The idea was that you'd see the image get progressively better as each pass was completed, thus the term "progressive". But in practice the browsers decided not to display anything until the image was finished loading anyway.

sp332 · on June 5, 2017

I don't think this is right. IE9 renders progressive JPEGs progressively. https://calendar.perfplanet.com/2012/progressive-jpegs-a-new...

mark-r · on June 5, 2017

It appears the situation isn't static, thanks for the link! It would have been interesting to see older versions of Chrome and Firefox tested too - I'm wondering now if my recollections are faulty.

cpeterso · on June 6, 2017

This site simulates a slow download of a progressive JPEG so you can test how your browser renders them. The page is from 2007 so its claim that IE doesn't render them progressively appears to be out of date.

http://pooyak.com/p/progjpeg/

khedoros1 · on June 5, 2017

I clearly remember watching the image clarity crawling down photos on dial-up. Otherwise, you'd be staring at a blank screen for 2 minutes, instead of a gradually-improving image.

(Since you mentioned Chrome and Firefox in another comment, I'm not thinking of browsers that new).
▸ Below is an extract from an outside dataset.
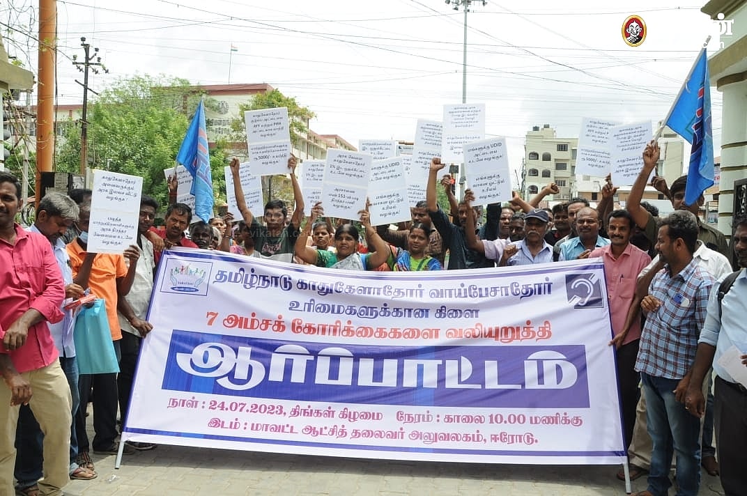 7 அம்ச கோரிக்கைகளை வலியுறுத்தி மாவட்ட கலெக்டர் அலுவலகத்தை முற்றுகையிட்டு மாற்றுத்திறனாளிகள் ஆர்ப்பாட்டத்தில் ஈடுபட்டனர்.

jschwartzi · on June 6, 2017

Netscape Navigator certainly did this. IE did too, I recall.

pyre · on June 5, 2017

Pillow is a fork of PIL -- the Python Imaging Library -- which had become unmaintained ('PIL' is in 'pillow'). It's the go-to image manipulation library on Python.

sp332 · on June 5, 2017

Yes, it's one way of storing the image data in a single JPEG file. It doesn't need multiple files and it doesn't need any extra code. It's usually only visible when you're loading the file over a slow link. Old software might not show the intermediate steps from the file but they should still be able to display the image once it's 100% loaded.

ge96 · on June 10, 2017

This isn't the same as when you see a photo load with horizontal lines vertically usually top-to-bottom right?